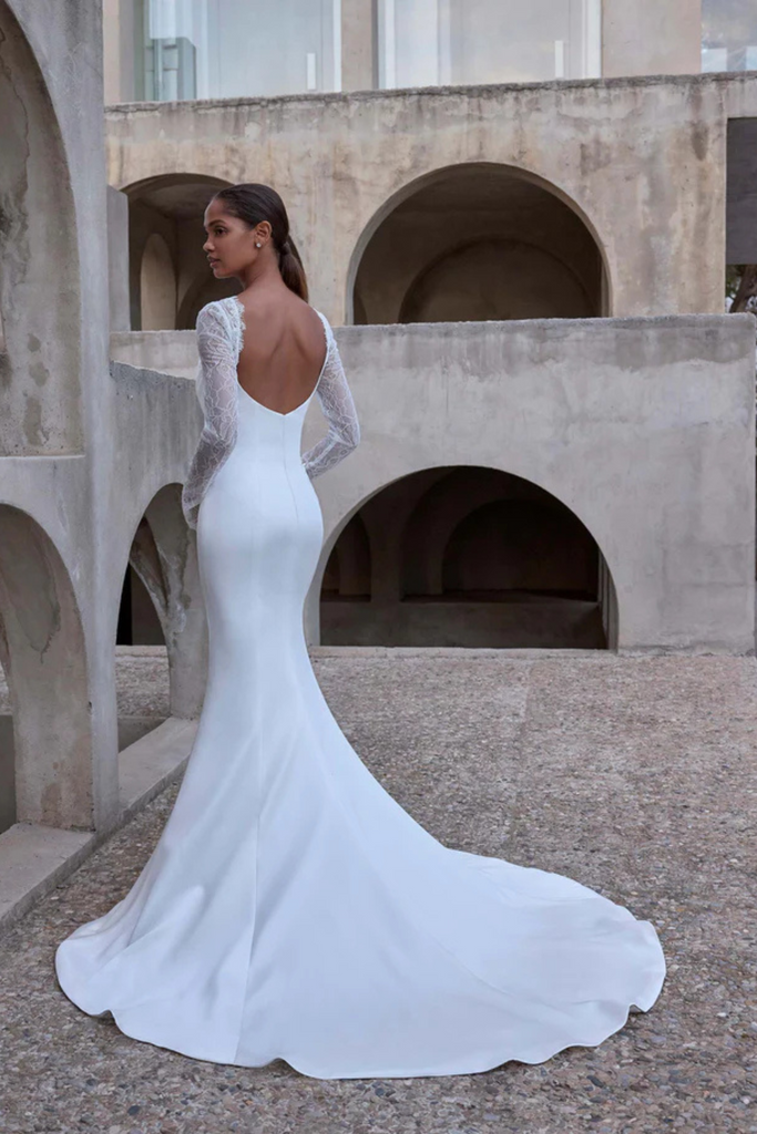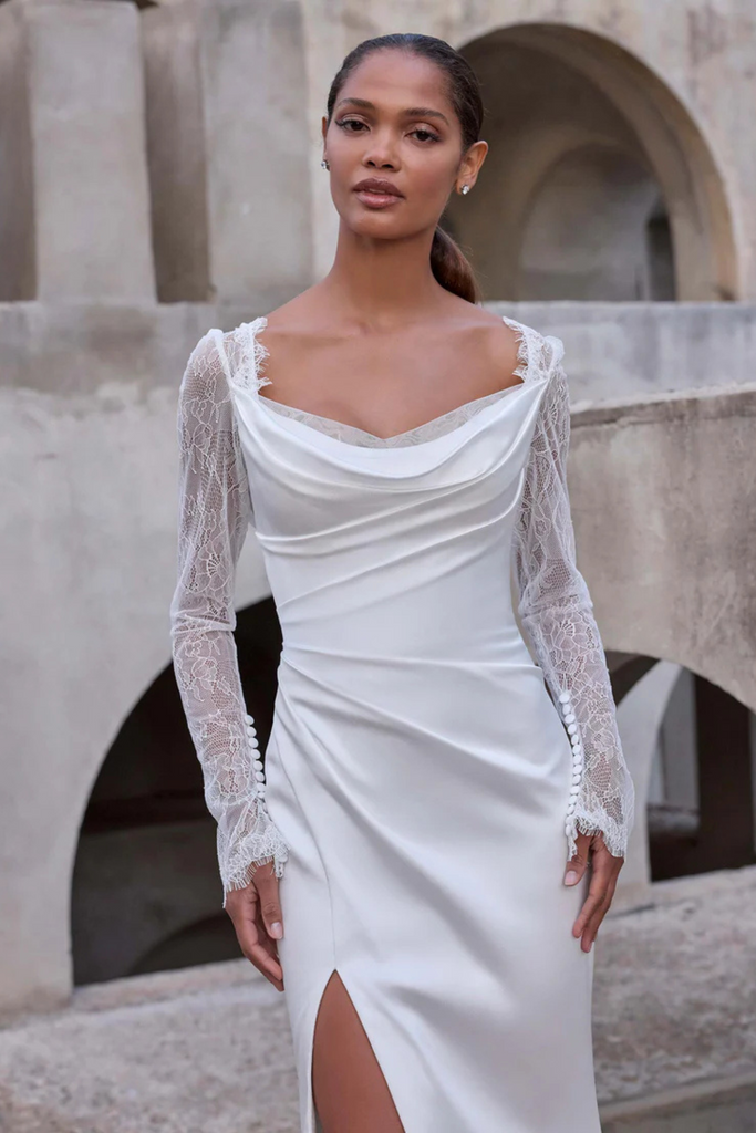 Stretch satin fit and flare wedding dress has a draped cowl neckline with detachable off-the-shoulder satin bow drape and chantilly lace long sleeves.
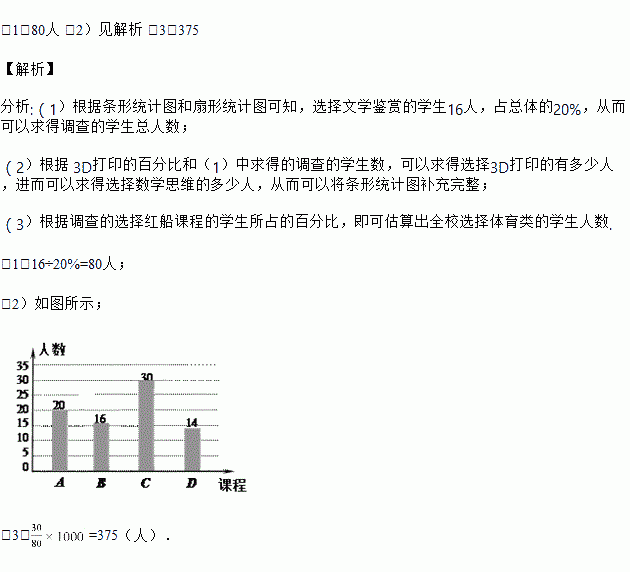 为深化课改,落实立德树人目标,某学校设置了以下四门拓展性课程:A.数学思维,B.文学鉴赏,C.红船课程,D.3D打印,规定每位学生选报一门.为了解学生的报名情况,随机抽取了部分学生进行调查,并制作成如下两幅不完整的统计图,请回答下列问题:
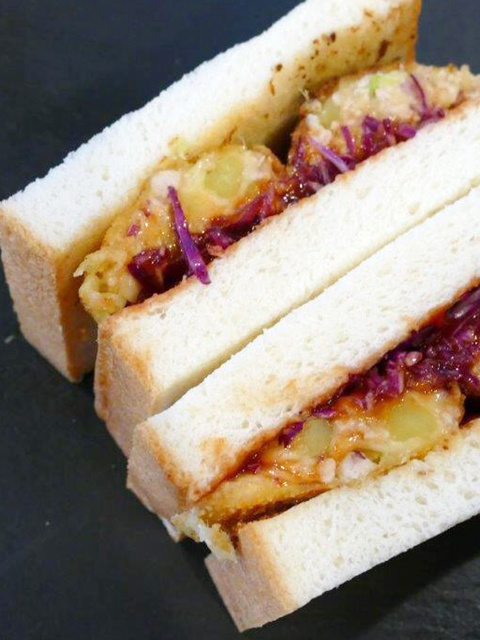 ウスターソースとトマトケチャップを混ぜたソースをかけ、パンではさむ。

= = =

[Your instructions]
Your copy should match the data exactly, apart from the images, which are dropped.

[Result for this exercise]
 Stretch satin fit and flare wedding dress has a draped cowl neckline with detachable off-the-shoulder satin bow drape and chantilly lace long sleeves.
 为深化课改,落实立德树人目标,某学校设置了以下四门拓展性课程:A.数学思维,B.文学鉴赏,C.红船课程,D.3D打印,规定每位学生选报一门.为了解学生的报名情况,随机抽取了部分学生进行调查,并制作成如下两幅不完整的统计图,请回答下列问题:
 ウスターソースとトマトケチャップを混ぜたソースをかけ、パンではさむ。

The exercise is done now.